You want to expose one interface from an object, but it exposes a different interface.  You write an adapter object to translate calls from one to the other.  Differs from the proxy pattern only in as much as the proxy pattern mandates that the exposed and the internal interface should be the same, but it’s definitely a proxy in the looser sense that we commonly use.

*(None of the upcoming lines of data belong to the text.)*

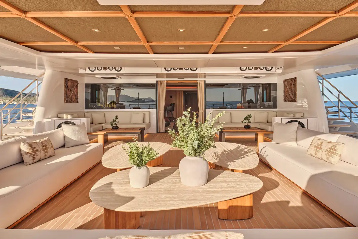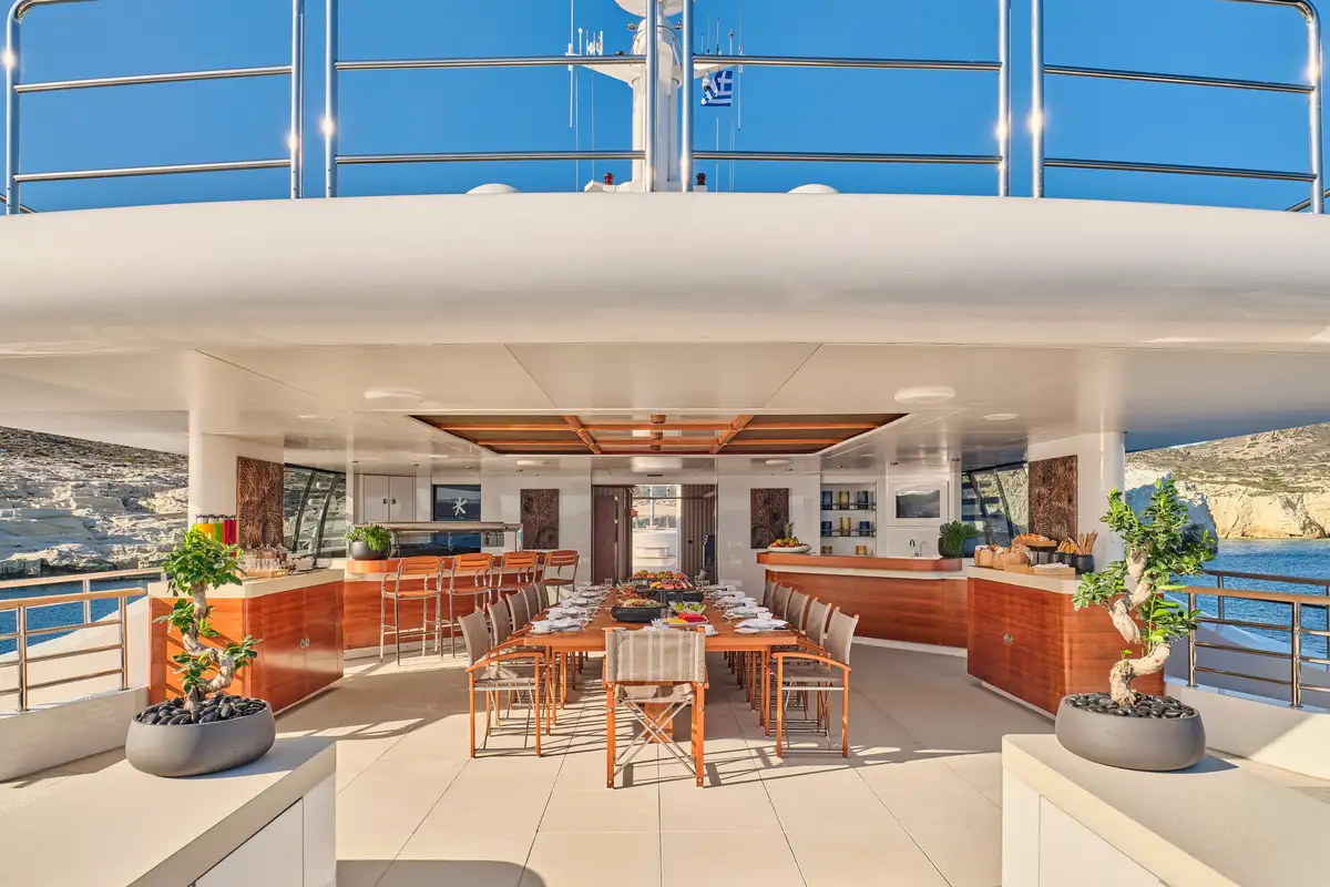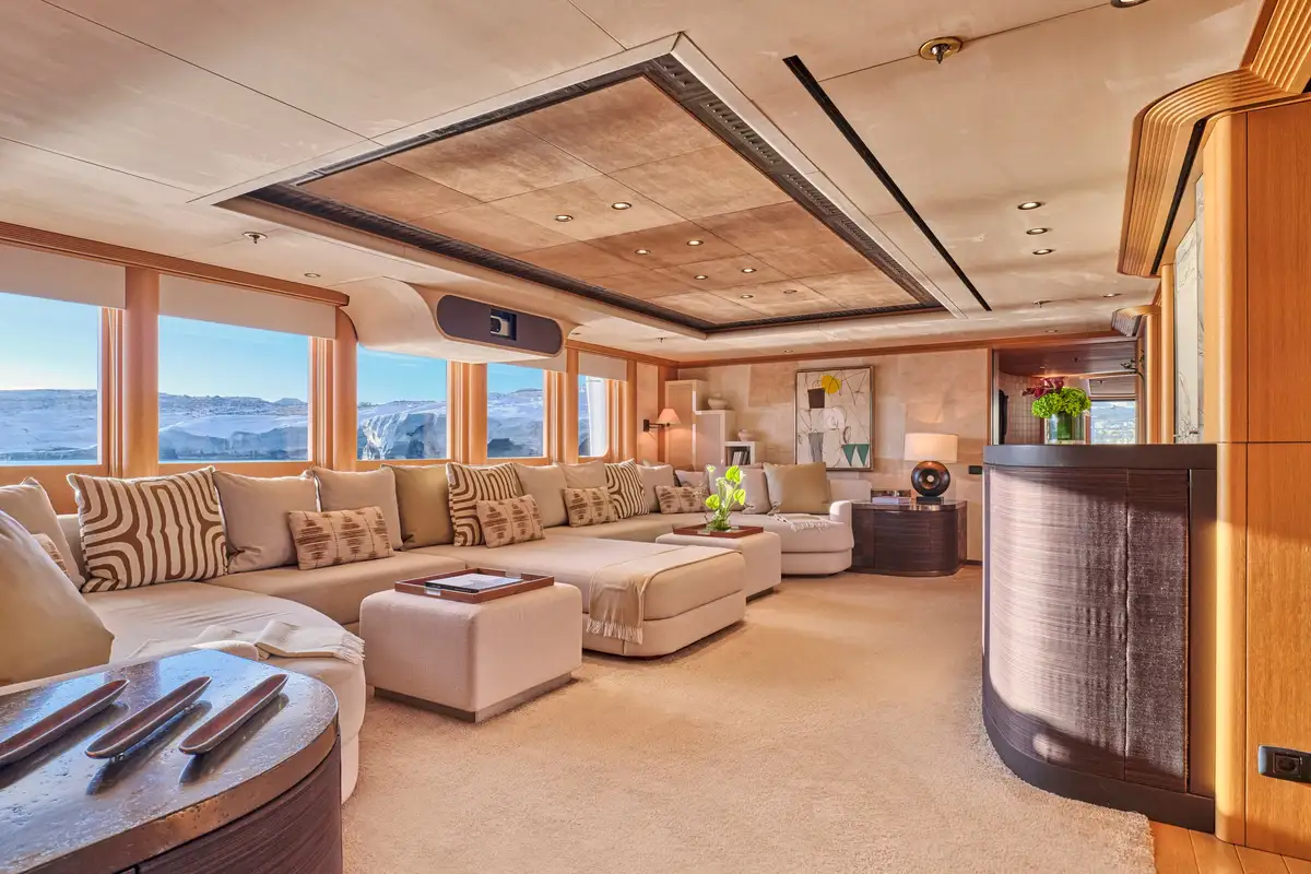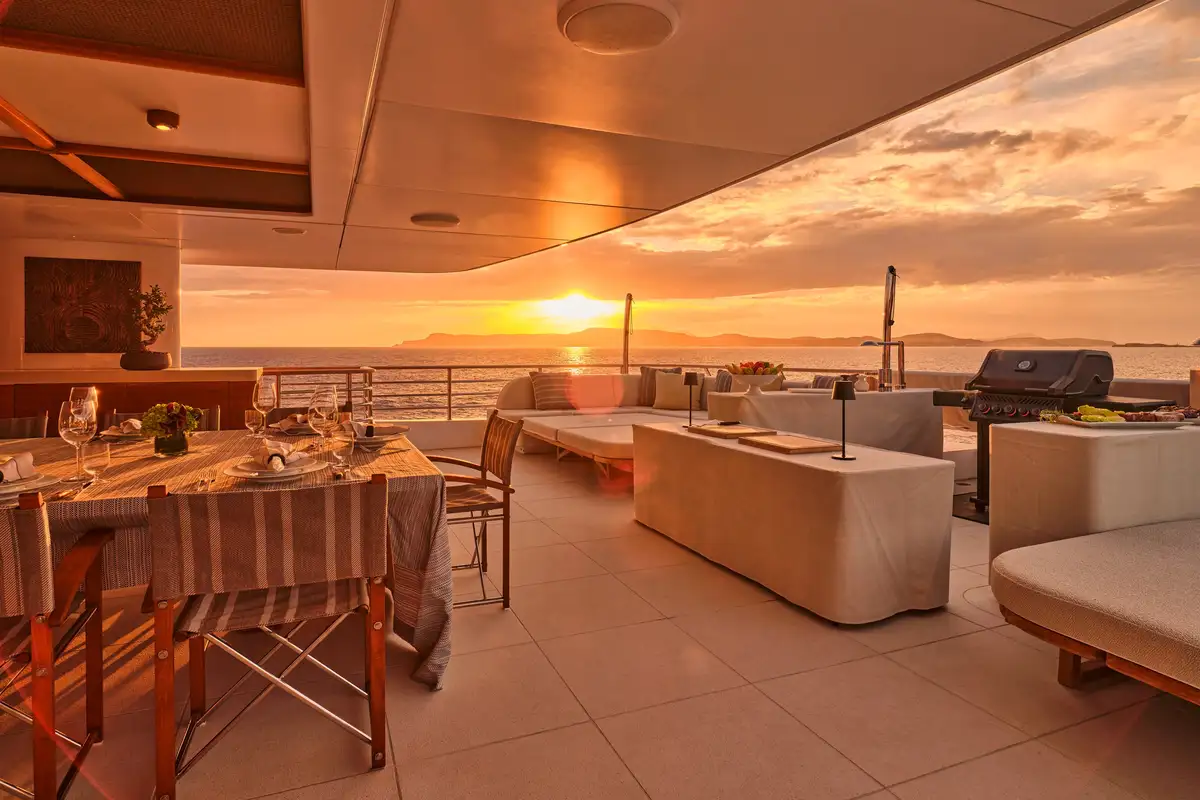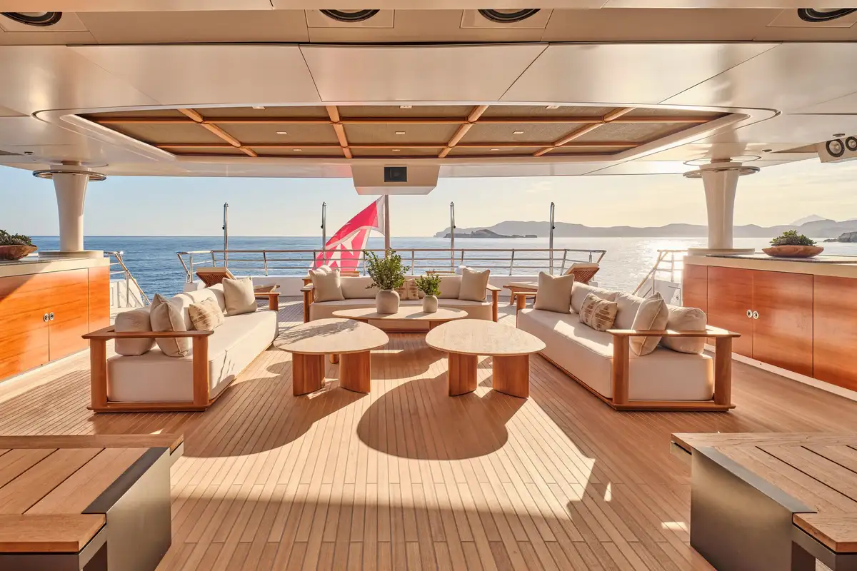 Picture yourself unwinding in the sun deck’s expansive jacuzzi, soaking in panoramic views surrounded by plush sun pads. As the sun sets, retreat to the aft deck for an intimate al fresco dinner, prepared by your private chef and served under the stars. The bridge deck offers yet another inviting social space, where you can sip cocktails at the bar, challenge friends to a game, or settle in for an unforgettable open-air movie night with Dolby surround sound.
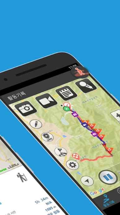 경로, 활동기록(이동시간, 거리, 속도, 고도) 측정 및 통계 제공
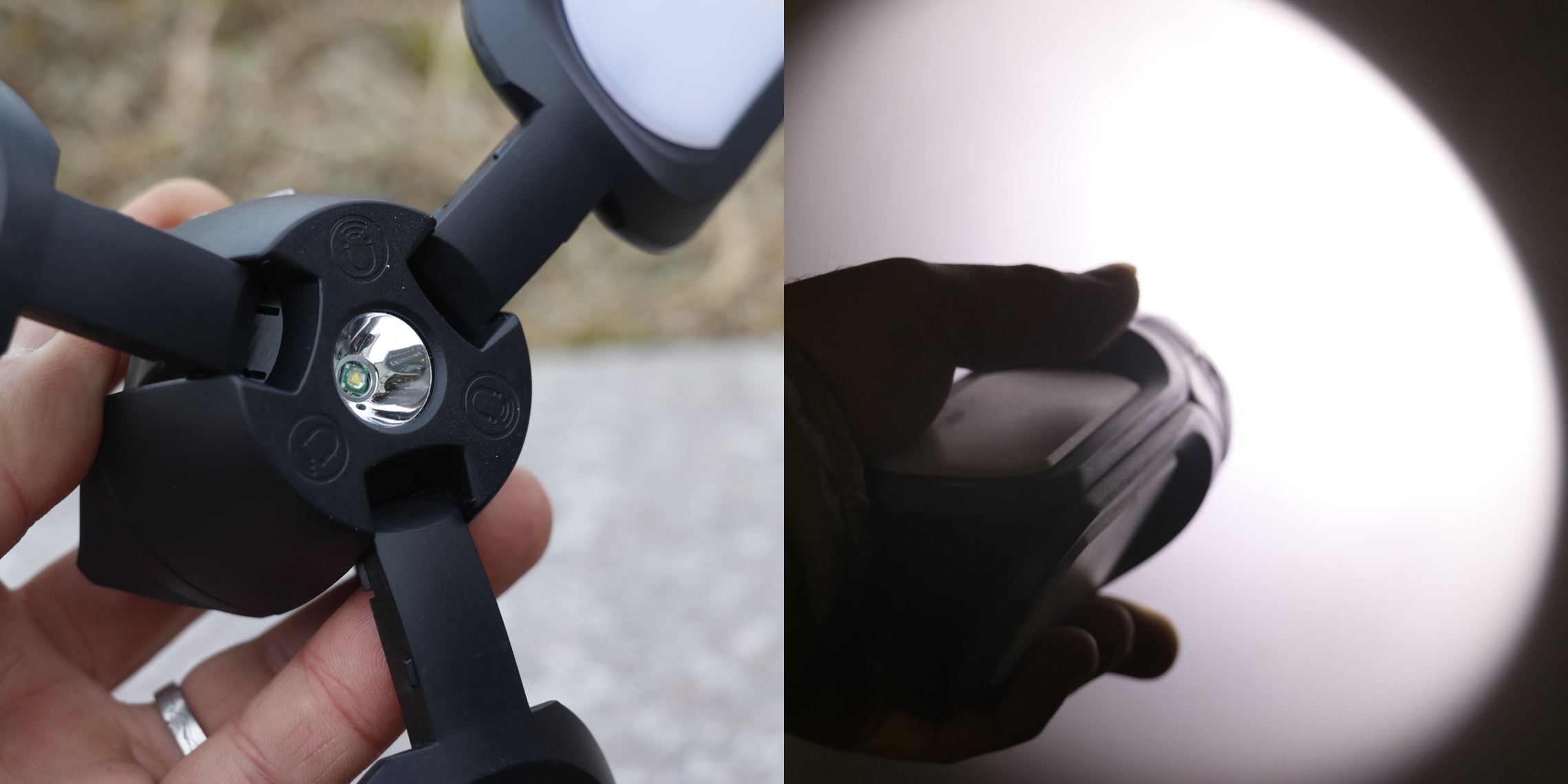 メインとなる3枚のLEDパネル以外にも本体中央にはセンターライトが配備されているので、懐中電灯のように持って使うことも可能です。
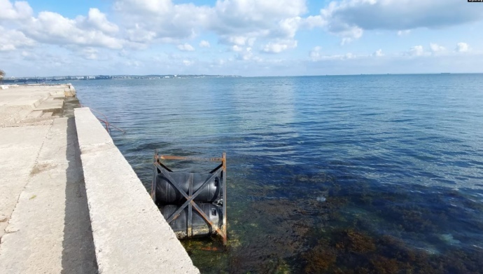 Во временно оккупированной Керчи течение принесло к берегу боновые заграждения, которые были установлены возле Крымского моста для защиты от атак морских беспилотников.
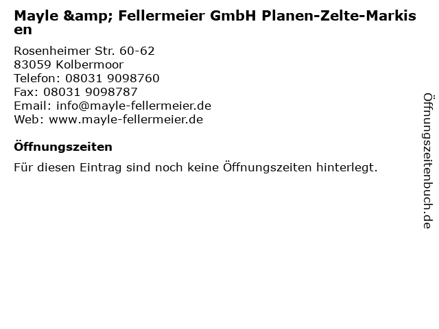 | Mayle & Fellermeier GmbH Planen-Zelte-Markisen anrufen | |

Adapters usually occur at sub-system or system boundaries.  Third-party libraries should typically be wrapped

Facade

Now, this pattern is so general it’s going to cover a lot of code you’ve written over time, but the terminology is actually useful, simply because we do actually need a word for it.  Say you’ve got an extremely complex trading system.  However, all that your code needs is a list of accounts and the cash in each.  A Facade is an interface that just exposes the bit you need. 

Summary

Facade, Builder and Adapter are amongst the most common patterns in software development.  Most developers will have independently come up with these solutions, since they’re pretty obvious.  The terminology can, however, be useful to communicate between developers.

Bridge and Template are also obvious, but unlike Facade, Builder and Adapter, aren’t really useful for communication. 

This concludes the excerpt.